Para astronom mungkin telah menemukan planet yang mirip dengan Bumi

Para astronom mungkin telah menemukan planet yang mirip dengan Bumi

Tim astronom menggunakan Teleskop Sangat Besar dari European Southern Observatory (VLT) di Chili untuk memberi cahaya baru pada planet-planet di dekat bintang L 98-59, yang mirip dengan tata surya bagian dalam.

Di antara penemuannya adalah planet dengan setengah massa Venus - planet ekstrasurya teringan yang pernah diukur menggunakan metode kecepatan radial - dunia laut dan planet di zona layak huni.

"Di sebuah planet di zona layak huni, mungkin ada atmosfer yang dapat melindungi dan mendukung kehidupan," kata Maria Rosa Osorio, astronom di Pusat Astrobiologi di Madrid dan salah satu penulis studi tersebut.

Hasilnya merupakan langkah penting dalam pencarian kehidupan di planet seukuran Bumi di luar tata surya.

Sistem planet yang baru dipelajari, dinamai L 98-59 setelah bintangnya, merupakan target yang menarik untuk pengamatan atmosfer planet ekstrasurya di masa depan. Ini mengorbit bintang hanya 35 tahun cahaya jauhnya, dan sekarang telah ditemukan bahwa sistem tersebut mengandung planet berbatu yang mirip dengan Bumi atau Venus.

Melalui partisipasi ESO VLT, para ilmuwan dapat menyimpulkan bahwa tiga planet dalam sistem dapat berisi air. Dua planet terdekat dengan bintang dalam sistem L 98-59 kemungkinan kering, tetapi mungkin memiliki sedikit air, sementara hingga 30% dari massa planet ketiga mungkin air, menjadikannya dunia lautan.

Selain itu, para astronom telah menemukan exoplanet "tersembunyi" yang sebelumnya tidak pernah terlihat di sistem planet ini. Mereka telah menemukan planet keempat dan menduga bahwa planet kelima berada di zona pada jarak yang tepat dari bintang untuk keberadaan air cair di permukaannya.
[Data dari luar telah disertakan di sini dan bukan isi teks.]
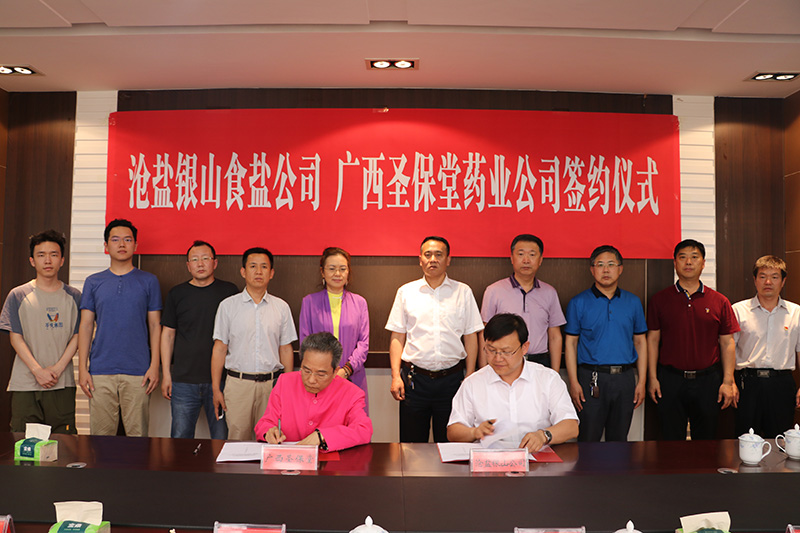 6月6日,滄鹽集團(tuán)銀山食鹽公司與廣西圣保堂藥業(yè)公司合作意向簽約儀式在集團(tuán)三樓會(huì)議室舉行,銀山食鹽公司經(jīng)理、法人代表高文生與廣西圣保堂董事長(zhǎng)黃愛強(qiáng)分別代表雙方簽署合作意向書。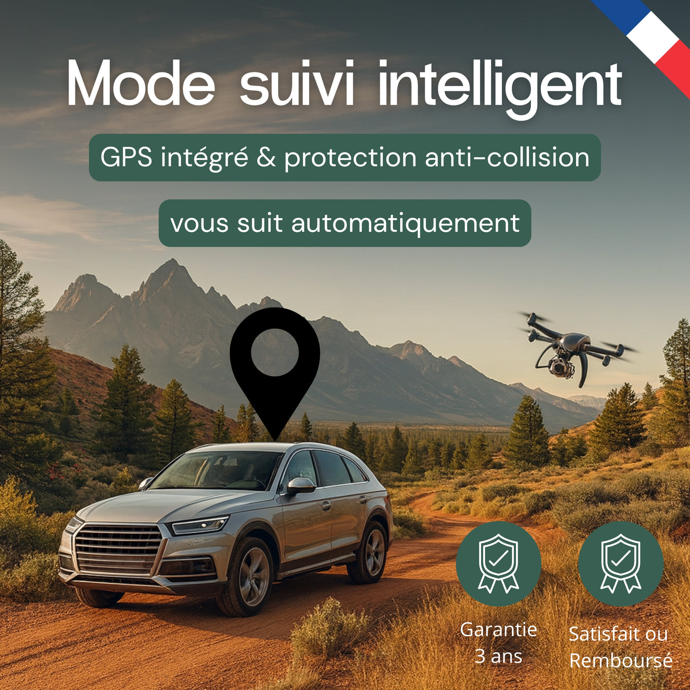• Mode suivi intelligent : vous suit automatiquement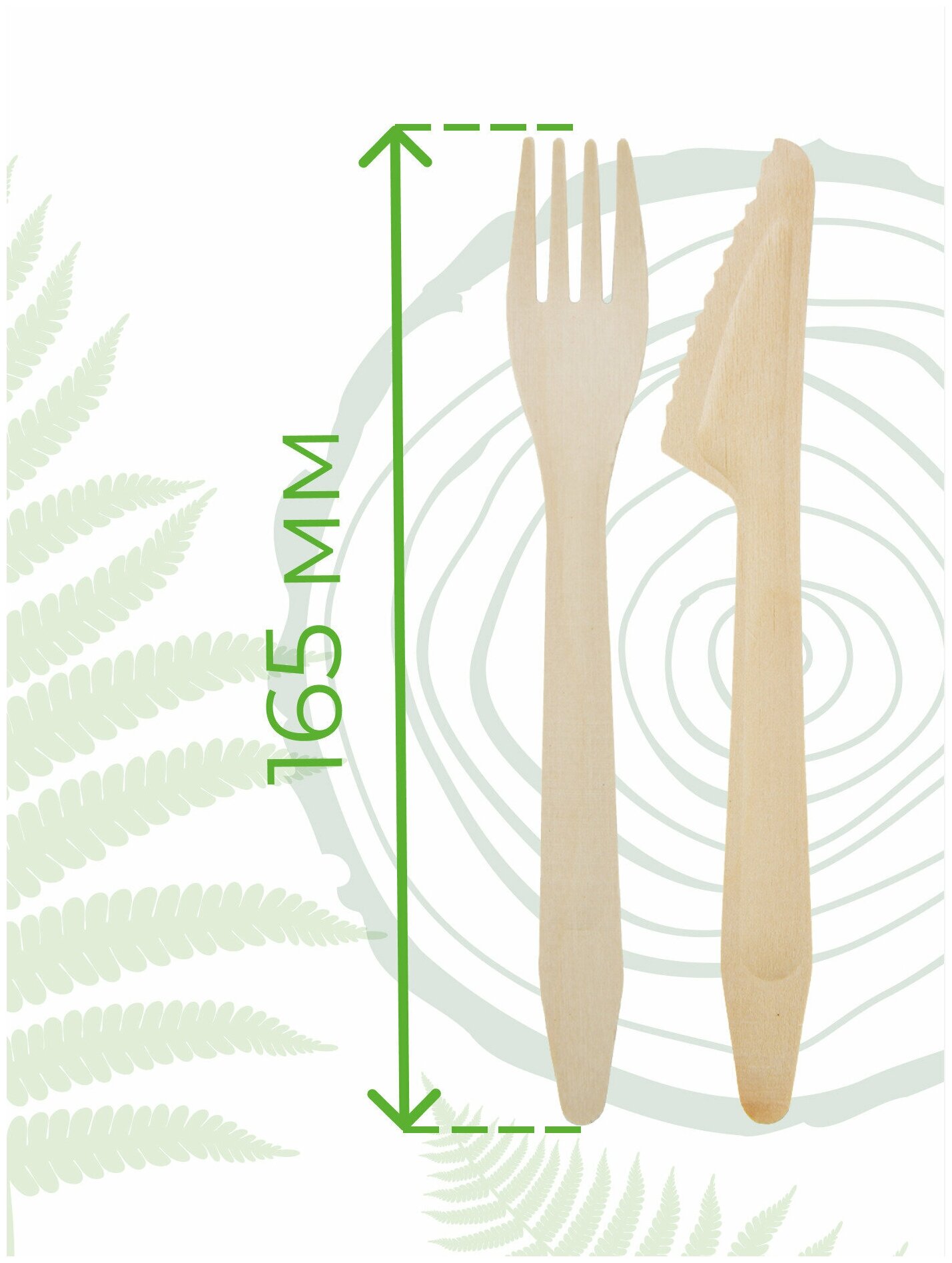 Набор одноразовых деревянных приборов, комплект нож+вилка на праздник или дачу, размер 165мм 20шт интересное: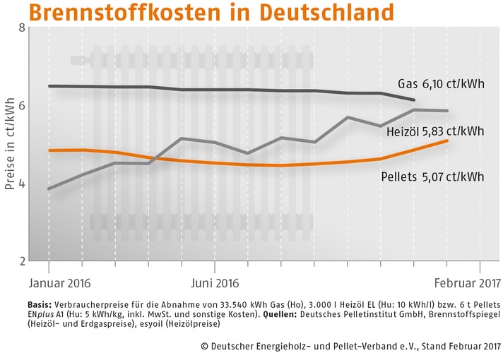 Im Februar 2017 kosteten Holzpellets in Süddeutschland 256,27 (Vormonat: 245,09) Euro/t, in Deutschland Mitte 250,28 (Vormonat: 238,71) Euro/t und in der Region Nord-/Ostdeutschland 246,34 (Vormonat: 241,63) Euro/t. Der DEPV-Index ist der Durchschnittspreis in Deutschland für eine Tonne Holzpellets der Qualitätsklasse ENplus A1 (Abnahme 6 t, Lieferung im Umkreis 50 km, inkl. aller Nebenkosten und MwSt.).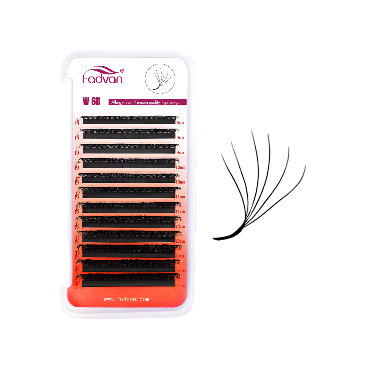 Os Cílios Fadvan W 6D concentram inovação e praticidade, ideais para lash artists que desejam aliar densidade intensa à leveza e velocidade na aplicação. Com formato “W” contendo 6 fios unidos — os chamados fans prontos — esses cílios oferecem um volume expressivo e elegante, dispensando a montagem manual.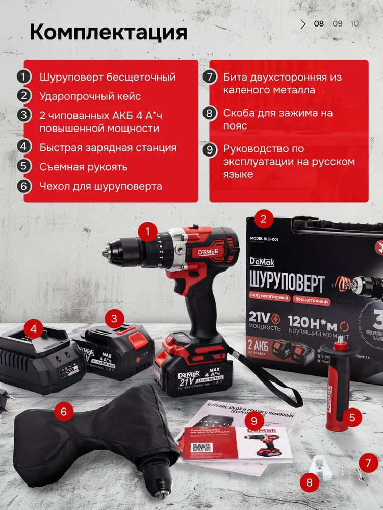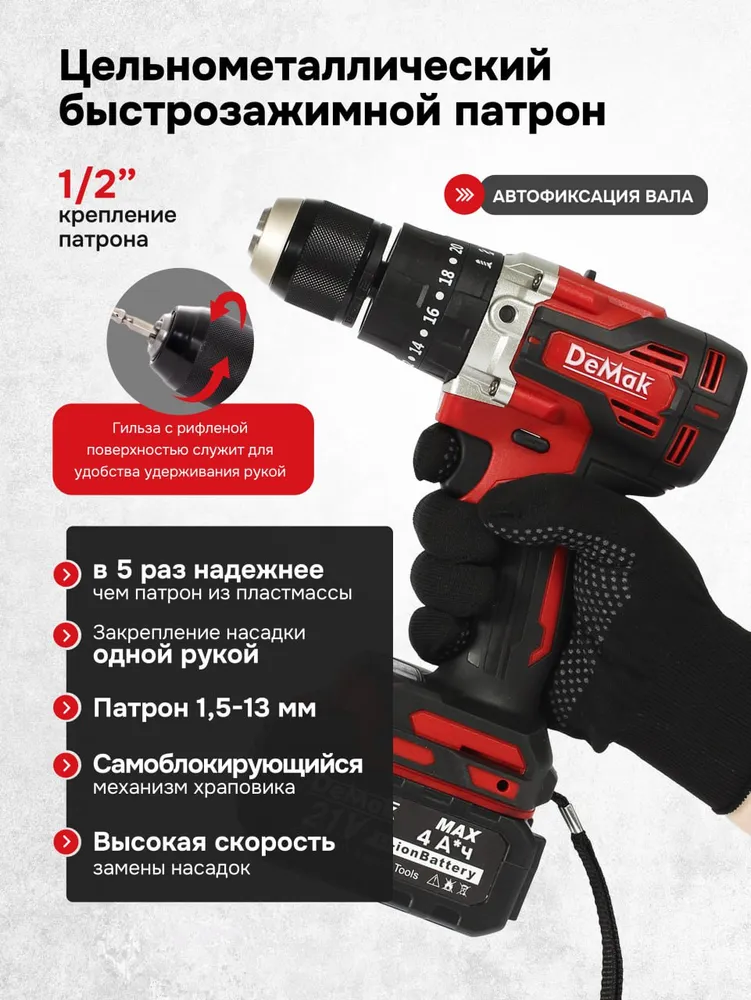 DeMak Шуруповерт, 21 В, 120 Нм, 2 АКБ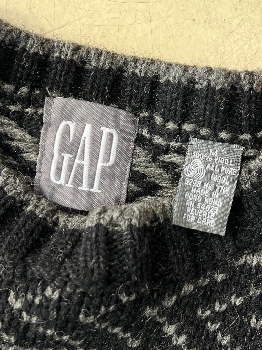 퓨어 울 소재는 자연적으로 자라는 양모만을 채집해 섬유로 만든 것으로, 1990년대 갭(GAP)에서 생산한 성글게 짜인 헤비 울 스웨터입니다. 갭의 상의류는 보통 가슴단면보다 어깨단면의 너비가 넓은 드롭숄더 패턴을 선보이는 편인데, 해당 제품 역시 어깨단면이 넓어 착용 시 루즈한 실루엣을 선보이는 제품입니다.

"Kami memiliki petunjuk keberadaan planet mirip Bumi di zona layak huni sistem ini," kata para ilmuwan.

Studi ini merupakan terobosan teknis, karena para astronom dapat menentukan, dengan menggunakan metode kecepatan radial, bahwa planet terdalam dalam sistem hanya memiliki setengah massa Venus. Ini menjadikannya planet ekstrasurya teringan yang pernah diukur dengan metode ini, yang menghitung goyangan bintang yang disebabkan oleh tarikan gravitasi kecil dari planet-planet yang berputar. Para ilmuwan menggunakan instrumen ESPRESSO di VLT ESO untuk mempelajari L 98-59. “Tanpa presisi dan stabilitas yang disediakan oleh ESPRESSO, pengukuran ini tidak akan mungkin terjadi,” kata Maria Osorio. "Ini adalah langkah maju dalam kemampuan kami untuk mengukur massa planet terkecil di luar tata surya."

Para astronom berharap untuk terus mempelajari sistem dengan Teleskop Luar Angkasa James Webb, yang bersiap untuk diluncurkan pada musim gugur, sementara Teleskop Sangat Besar (ELT) ESO, yang sedang dibangun di Gurun Atacama Chili (mulai tahun 2027), juga akan ideal untuk mempelajari planet-planet ini.

“Instrumen HIRES pada ELT akan dapat mempelajari atmosfer beberapa planet dalam sistem L 98-59, sehingga melengkapi pengamatan JWST dari Bumi,” kata Maria Osorio. "Kami, sebagai masyarakat, telah mencari planet terestrial sejak awal astronomi, dan sekarang kami akhirnya semakin dekat untuk menemukan planet terestrial di zona layak huni bintangnya, dari mana kami dapat mempelajari atmosfer."